Negative control miRNA (miR-NC) and anti-miR-21 plasmids were designed and purchased by Sangon Biotech Co., Ltd. The sequences were as follows: Anti-miR-21, 5′-UCAACAUCAGUCUGAUAAGCUA-3′; and miR-NC, 5′-CAGUACUUUUGUGUAGUACAA-3′. The H9c2 cells were divided into three groups: Control group, in which cells were transfected with miR-NC plasmids for 48 h; trimetazidine group, in which cells were treated with 10 µM trimetazidine for 48 h; and anti-miR-21 group, in which cells were transfected with anti-miR-21 plasmids for 24 h and were then treated with 10 µM trimetazidine for 48 h. The plasmids were transfected into H9c2 cells using Lipofectamine 2000 (Invitrogen; Thermo Fisher Scientific, Inc.) according to the manufacturer's protocol.

Quantitative polymerase chain reaction (qPCR) assay of miRNA-21

Rats were anesthetized with pentobarbital sodium (50 mg/kg, i.p.) and were sacrificed by decapitation. Subsequently, heart tissues were obtained from the pericardium and were washed with phosphate-buffered saline. miRNA-21 expression was detected in heart tissue samples or H9c2 cells following RNA extraction using TRIzol reagent (Invitrogen; Thermo Fisher Scientific, Inc., Waltham, MA, USA), according to the manufacturer's protocol. cDNA was generated from total RNA (1 µg) using the Superscript First-Strand Synthesis system (Invitrogen; Thermo Fisher Scientific, Inc.) at 37°C for 60 min and 85°C for 60 sec. The primers used in the present study were as follows: miR-21, forward 5′-GGGGGTACCCTTCAGGAAGCTGGTTTC-3′, reverse 5′-GGGGATATCTACATGTGAGGCAGGTTCTCAC-3′; and U6, forward 5′-CGCTTCGGCACATATACTA-3′ and reverse 5′-CGCTTCACGAATTTGCGTGTCA-3′ (Sangon Biotech Co., Ltd.). qPCR detection of miR-21 expression was performed on a 7300 Sequence Detection system (Applied Biosystems; Thermo Fisher Scientific, Inc.) using the TaqMan MicroRNA Assay kit (Invitrogen; Thermo Fisher Scientific, Inc.), according to the manufacturer's protocols. The PCR cycling conditions were as follows: 94°C for 60 sec, followed by 40 cycles at 95°C for 15 sec, 60°C for 30 sec and 72°C for 15 sec. The expression levels of miR-21 were normalized to U6, and the levels were quantified using the 2−ΔΔCq method (14).

Western blot analysis

Briefly, the hearts were rapidly removed and homogenized in 1 ml modified tonic sucrose solution, following treatment with trimetazidine or saline. Total protein was extracted from heart tissues and cells using radioimmunoprecipitation assay buffer (Beyotime Institute of Biotechnology, Shanghai, China). Following centrifugation at 12,000 × g for 10 min at 4°C, the protein concentration was determined using a Bicinchoninic Acid protein assay (Beyotime Institute of Biotechnology). Protein samples (50–60 µg) were separated by 8–12% sodium dodecyl sulfate-polyacrylamide gel electrophoresis and were electrophoretically transferred to polyvinylidene fluoride membranes (EMD Millipore, Billerica, MA, USA, 0.22 mm). Subsequently, the membranes were washed with Tris-buffered saline containing 5% nonfat milk for 1 h at 37°C. The blocked membranes were then incubated with the following antibodies: Anti-phosphorylated (p)-Akt (cat. no. sc-135650; 1:2,000; Santa Cruz Biotechnology, Inc., Dallas, TX, USA), anti-B-cell lymphoma 2 (Bcl-2; cat. no. sc-492; 1:1,000; Santa Cruz Biotechnology, Inc.), anti-Bcl-2-associated X protein (Bax; cat. no. sc-6236; 1:1,000; Santa Cruz Biotechnology, Inc.) and anti-β-actin (1:500; cat. no.

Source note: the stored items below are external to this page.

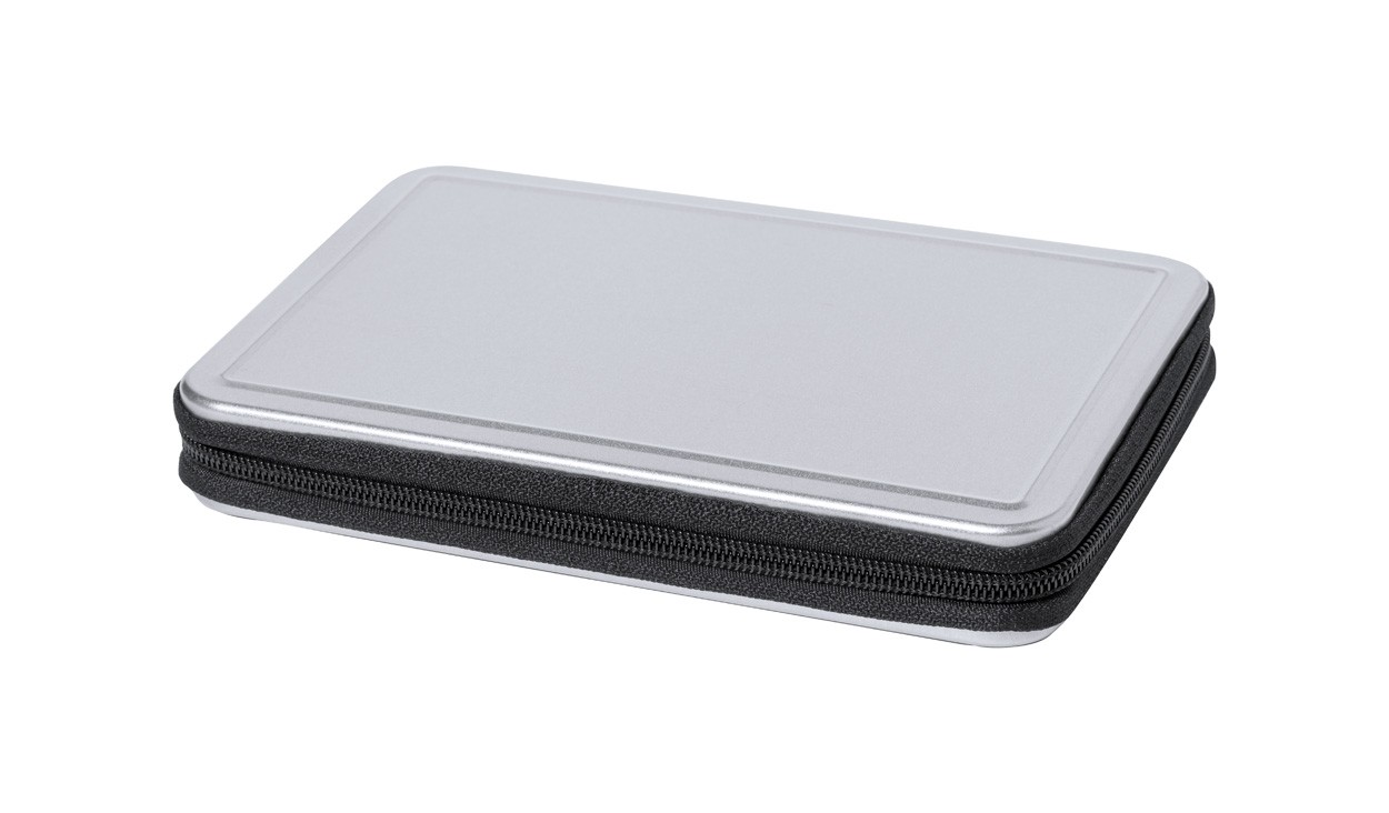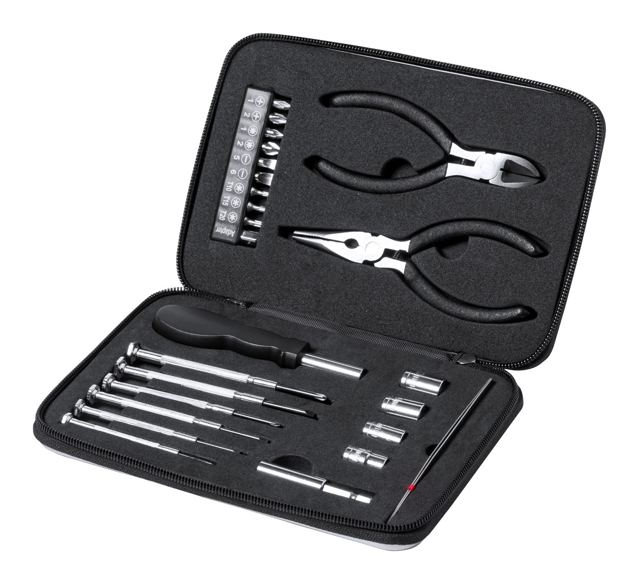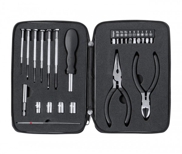 Set de scule din metal cu 25 piese în carcasă din aluminiu cu fermoar. Include: șpiț, clește de tăiere, șurubelniță, extender, penseta, 6 șurubelnițe de precizie, 10 buc set capete de șurubelniță, 4 buc cap șurub tubular.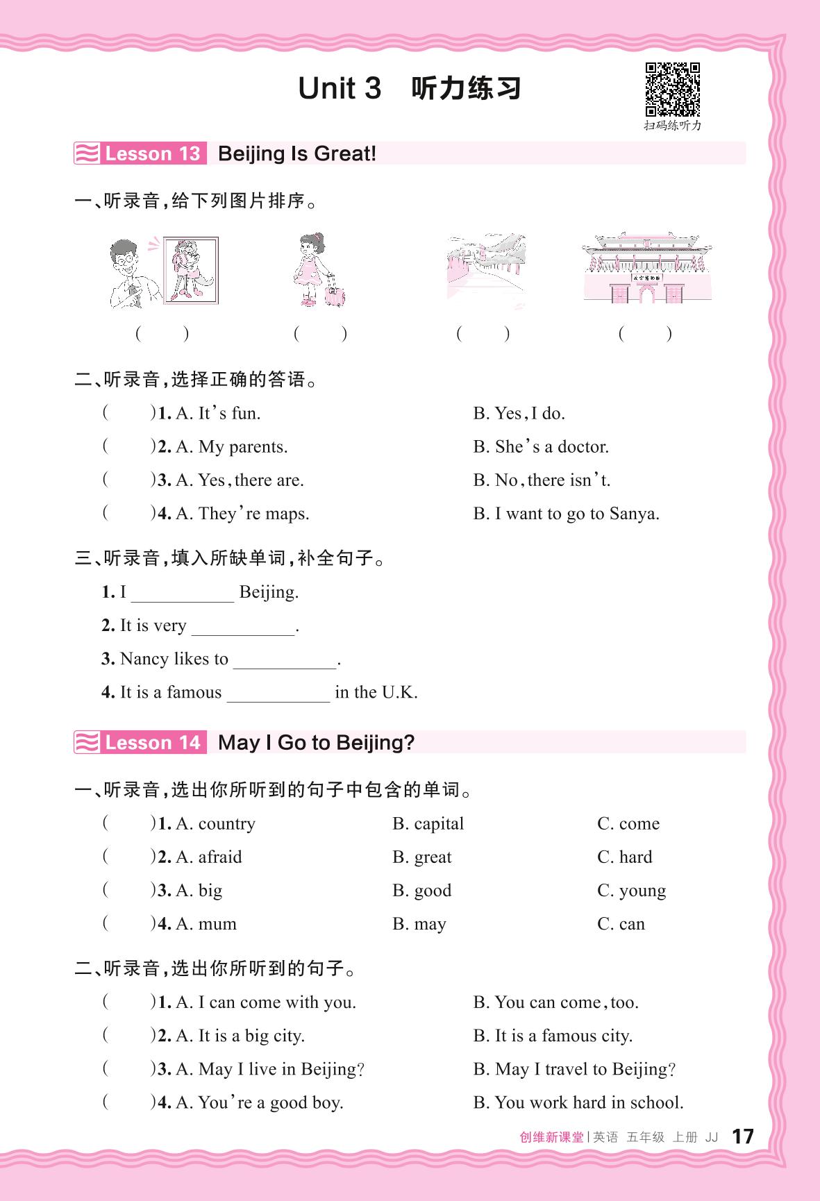 2024秋上册五年级英语冀教版 Unit 3 听力练习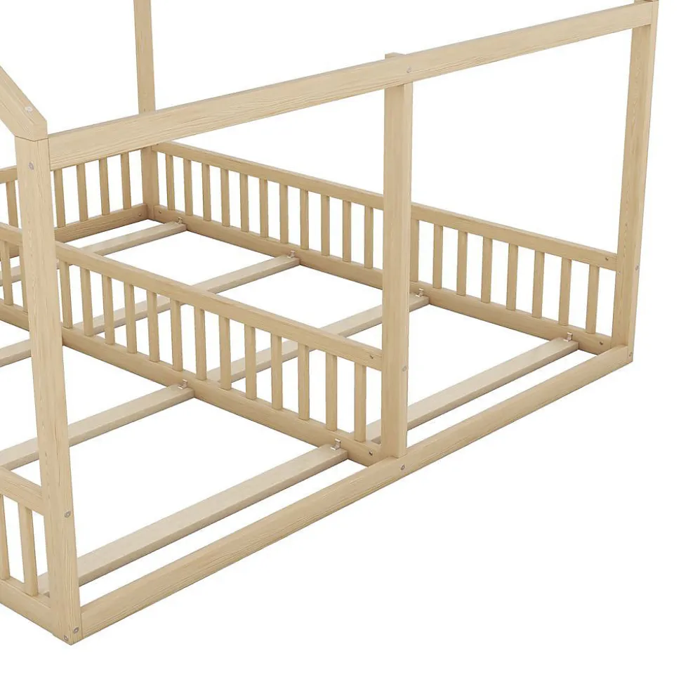 Lit superposé 2 en 1 (90×200 cm) modèle maisonCaractéristiques principalesDimensions : 204x187x168 cm (Lxlxh)Matériau : Pin naturel + MDFCapacité : 100 kg par lit (2 lits)Sécurité : Barrières de protection intégréesSommier : 8 lattes en boisStyle : Design maison avec toit décoratifLivraison1 colis : 199x32x15,5 cm (24,42 kg)Poids total : 23 kgAvantages Deux lits superposés sécurisésDesign original de maison Structure en pin robuste et silencieuse Montage facile avec notice Convient pour chambre partagéeInformations complémentairesMatelas 90×200 cm non inclus (15-20 cm recommandé)Origine : ChineTemps de montage estimé : 2 heuresIdéal pour 2 enfantsSolution pratique et ludique pour chambre d’enfants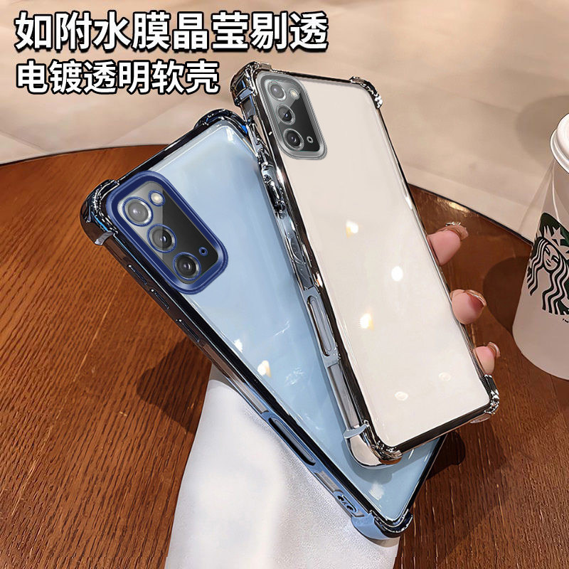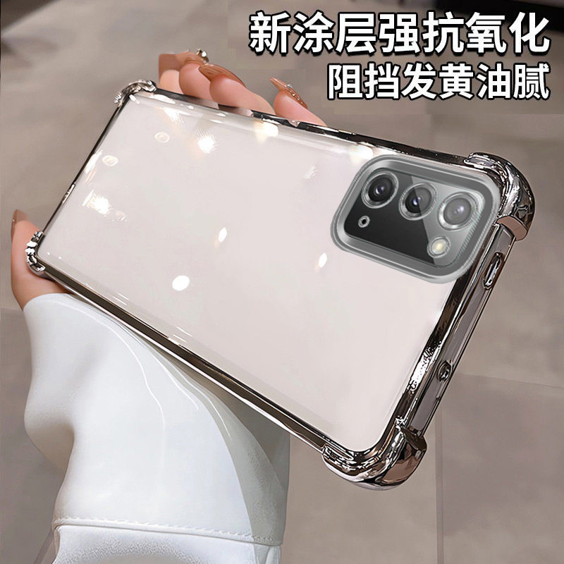 三星note20手机壳新款四角气囊硅胶防摔时尚镜头全包软壳适用note20ultra高级感强抗氧化简约电镀透明手机壳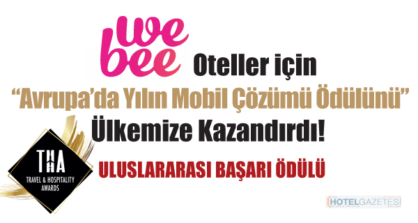 Turizm sektöründe en başarılı otel ve tur şirketlerine ödüller veren İngiliz Firması Travel and Hospitality Awards (THA), Avrupa’da Yılın Misafir Etkileşim Çözümü Ödülüne ülkemizin başarılı start-up’ı WeBee’yi layık gördü. THA yetkilileri neden WeBee’yi seçtiklerini üç kriterde belirttiler: “Kullanıcı dostu mobil arayüzü ile otellere somut ve gerçek zamanlı değer üretmesi, mükemmel kullanıcı yorumları, otellerin gelirlerinde artış ve komisyon giderlerinde düşüş sağlanması”.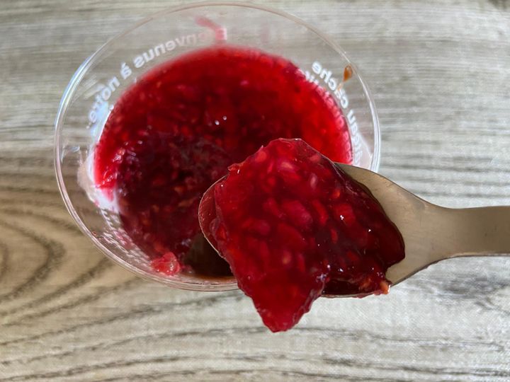 フタを開けると鮮やかな赤いジュレが!フランボワーズの種のつぶつぶも見えます。甘酸っぱいいい香りが広がって、期待も高まります!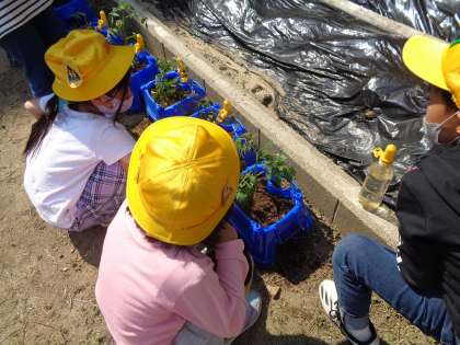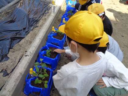 子供たちが育てたい野菜を選んで持ってきたものを、あさがおを育てていた鉢に植えました。「元気に、大きく成長してほしい。」「お世話を頑張るぞ。」と、これからの活動にわくわくしている様子が見られました。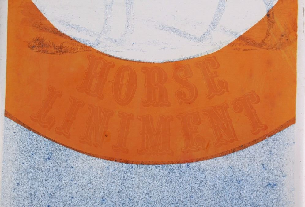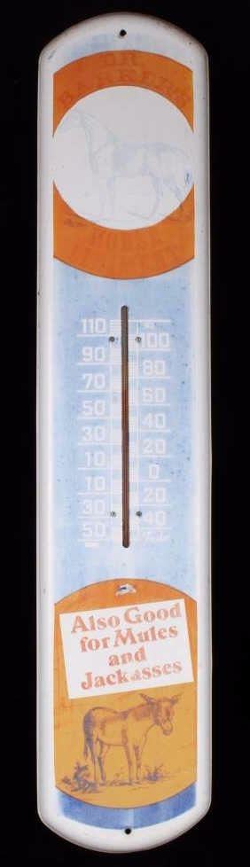 This is a original Dr. Barker's horse liniment advertisement tin lithograph thermometer sign. It features a custom advertisement lithograph design, set in the middle of the sign is a thermometer. The sign has a horse and donkey on its front and is marked "Dr. Barker's Horse Liniment Also Good for Mules and Jackasses Taylor 54810." The condition of the piece is good with the thermometer unbroken, but the lithograph is faded. It measures 39" H x 8 3/8" W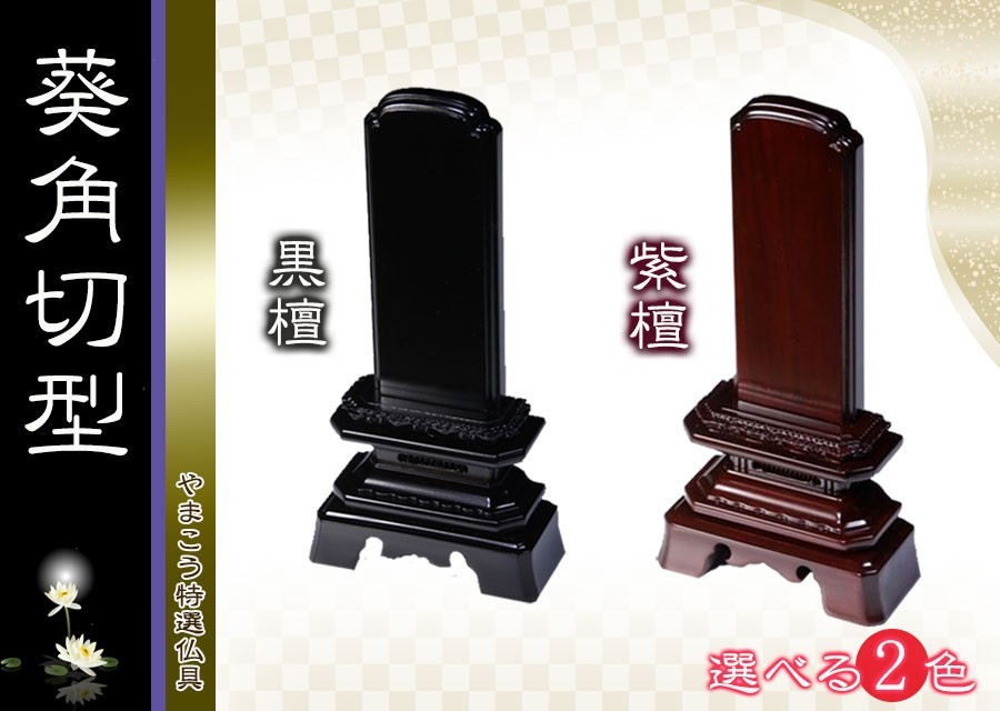 | 唐木位牌 葵角切型 黒檀調・紫檀調 3.5寸(色は下記プルダウンよりお選びください) 唐木位牌は伝統的、かつ高級感溢れる位牌です。また、極めて耐久性に優れ、長年にわたり御安置して頂けます。 お位牌の文字入れ加工が必要な場合は、ご購入時に当店へ【お客様ご要望】欄よりご記入の上お申し付けください。加工のご希望がない場合は未加工の製品をお届け致します。 文字加工は無料です。(御納品は、文字の仕様が決定後、2週間程お日にちを頂戴致します) 書体・字色は画像内見本の仕様のみとなります。また、弊社にてご登録の無い文字・二人書き等は別途、お見積りとなり有料となる場合がございますのでご了承下さいませ。その場合は商品注文キャンセルも可能となっております。 位牌加工内容は下記リンクよりフォーマットをダウンロードしてご記入ください。ご記入後、弊社までFAX、メール添付、郵送のいずれかにてご連絡下さい。 → お位牌文字フォーマット(クリック) 上記リンクのフォーマットがプリントアウトできない場合は、当店よりフォーマット用紙をFAXまたは郵送させて頂きます。ご注文時に【お客様ご要望】欄にFAX番号または郵便送付先ご住所をお伝えください。 | |||

D110007; Sangon Biotech Co., Ltd.) overnight at 4°C. The membranes were then probed with an anti-rabbit horseradish peroxidase-conjugated immunoglobulin G secondary antibody (1:5,000; cat. no. sc-2054; Santa Cruz Biotechnology, Inc.) at 37°C for 1 h. Protein bands were visualized using a highly sensitive enhanced chemiluminescence reagent (cat. no. C500044, Sangon Biotech Co., Ltd.) and were quantified by Odyssey v1.2 software (LI-COR Biosciences, Lincoln, NE, USA).

Statistical analysis

Results were analyzed using SPSS 19.0 statistical software (IBM SPSS, Armonk, NY, USA) and are presented as the mean ± standard error of the mean. The differences between more than two groups were analyzed using analysis of variance followed by Tukey's honest significant difference test. All experiments were repeated three times. P<0.05 was considered to indicate a statistically significant difference.

Results

Trimetazidine protects cardiac function

The chemical structure of trimetazidine is presented in Fig. 1. In the present study trimetazidine (97% purity) was dissolved in physiological saline. The present study aimed to determine the potential protective effects of trimetazidine on cardiac function following cardiac I/R injury. I/R injury effectively increased CK and LDH activities compared with the control group (Fig. 2; P=0.0023 and P=0.0043). However, trimetazidine markedly reduced CK and LDH activities in rats following I/R injury (Fig. 2; P=0.0031 and P=0.0059).

Figure 1.

Chemical structure of trimetazidine.

Figure 2.

Trimetazidine protects cardiac function. Trimetazidine exerts protective effects against (A) CK and (B) LDH activities in rats following cardiac I/R injury. ##P<0.05 vs. control group; **P<0.05 vs. I/R group. Con, control group; C-TMZ, control-trimetazidine group; I/R, cardiac ischemia/reperfusion injury model group; TMZ, trimetazidine (30 mg/kg) treatment group; CK, casein kinase; LDH, lactate dehydrogenase.

Trimetazidine reduces infarct size

The present study aimed to determine whether the potential protective effects of trimetazidine reduced infarct size following cardiac I/R injury. As shown in Fig. 3, compared with the control group, the infarct size was markedly increased in rats following cardiac I/R injury (P=0.0056). However, treatment with trimetazidine markedly reduced infarct size following cardiac I/R injury (Fig. 3; P=0.0077).

Figure 3.

Trimetazidine reduces infarct size. ##P<0.05 vs. control group; **P<0.05 vs. I/R group. Con, control group; C-TMZ, control-trimetazidine group; I/R, cardiac ischemia/reperfusion injury model group; TMZ, trimetazidine (30 mg/kg) treatment group.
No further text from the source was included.